# [SOLVED] What version of Nero works with Windows 7 ?



## zhong (Aug 1, 2010)

What version of Nero works well with Windows 7 ?

I understand Nero 6.X doesn't work with Windows 7 ?

Is there any freeware burning software which can do diskcopy and make DVD video from video files with Windows 7 ?

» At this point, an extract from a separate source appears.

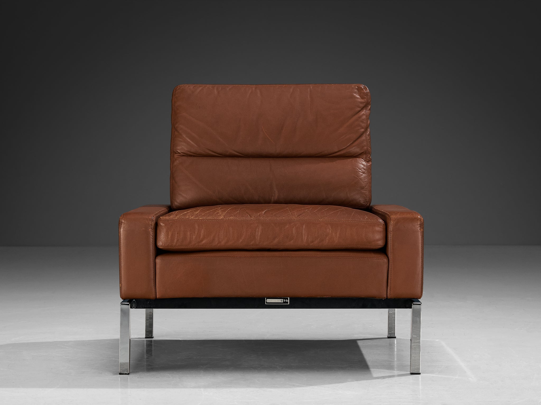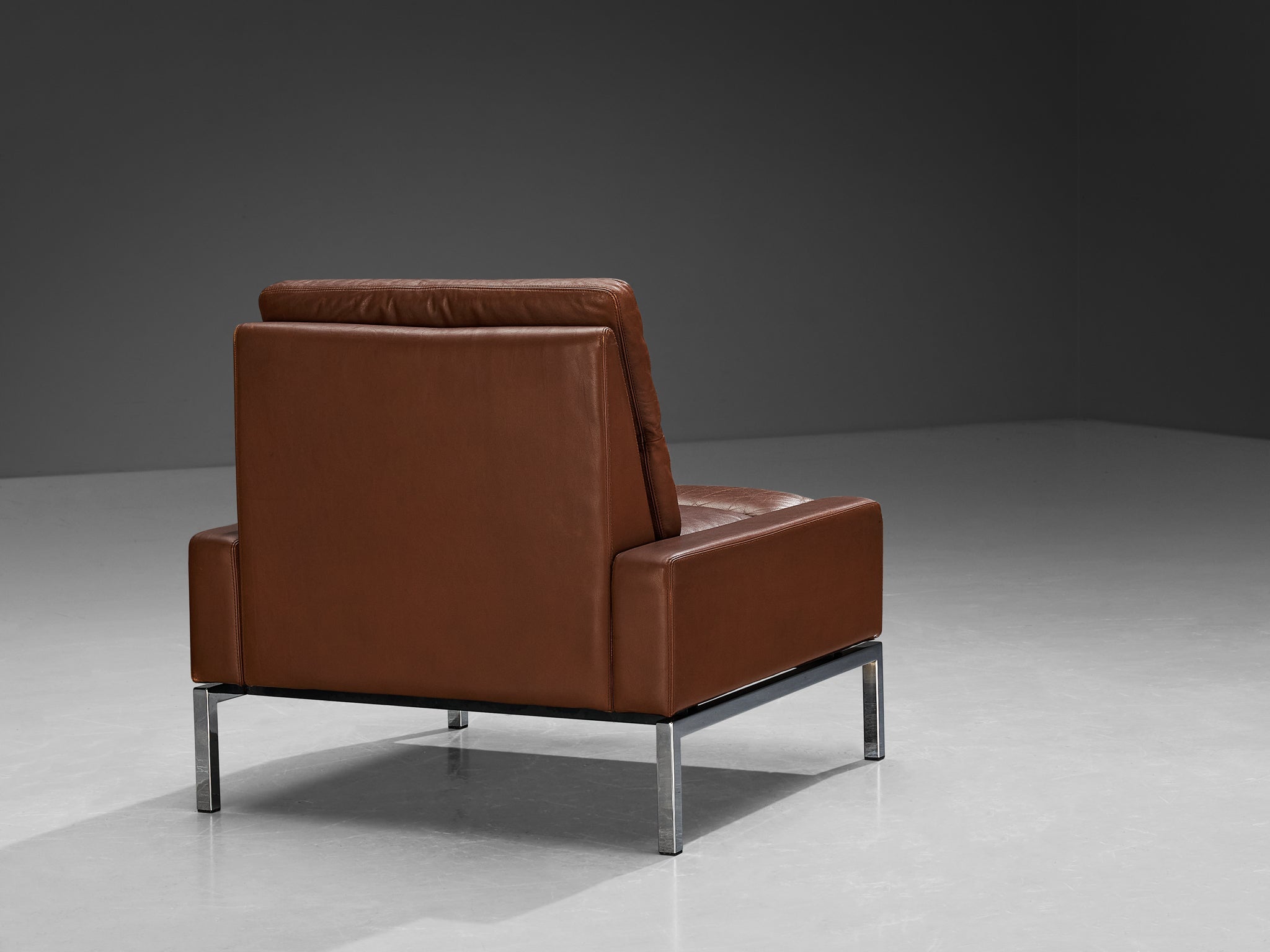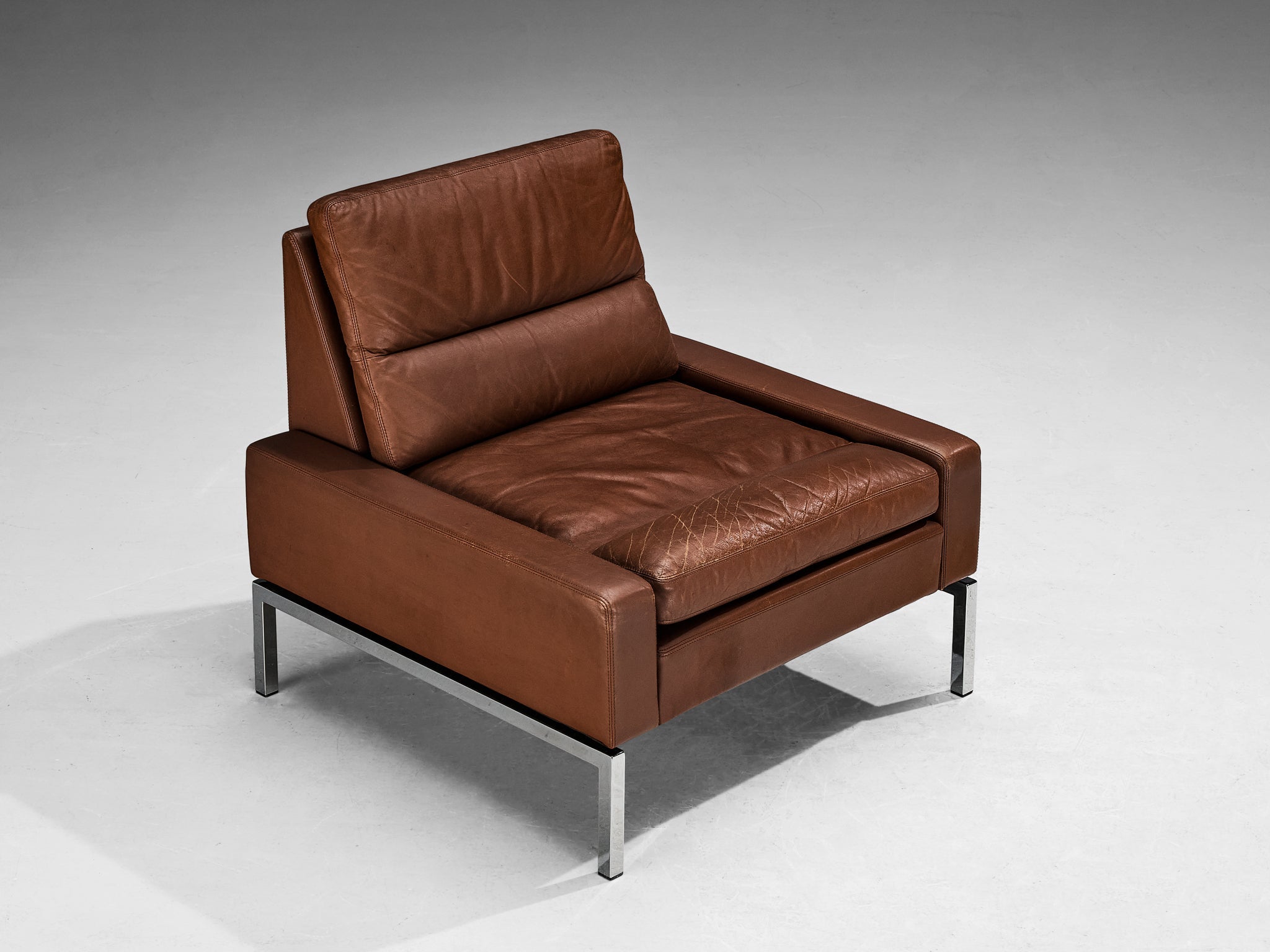 This comfortable lounge chair shows an elegant steel frame. The combination of steel and leather gives these lounge chairs a modern and rich appearance. Upholstered in brown leather that shows patina, this serves as a beautiful lived-in feature to the chair's polished design.

DVD flick works right ? But it doesn't have dvd/cd diskcopy feature.
It just makes DVD video from different video files formats.

Thanks.


----------



## jcgriff2 (Sep 30, 2007)

*Re: What version of Nero works with Windows 7 ?*

Nero v10 is the current version - Nero - CD DVD Burning, Video Editing Software, Backup Software - Official Site

I use ImgBurn for burning ISO to DVD-R - The Official ImgBurn Website


----------



## JMT21 (May 5, 2009)

*Re: What version of Nero works with Windows 7 ?*

I am currently running Nero Multimedia Suite 10 Platinum HD on Windows 7 Ultimate x64 and it works great!


----------



## jcgriff2 (Sep 30, 2007)

*Re: What version of Nero works with Windows 7 ?*

Good to hear.

Enjoy Windows 7!

Regards. . .

jcgriff2

`


----------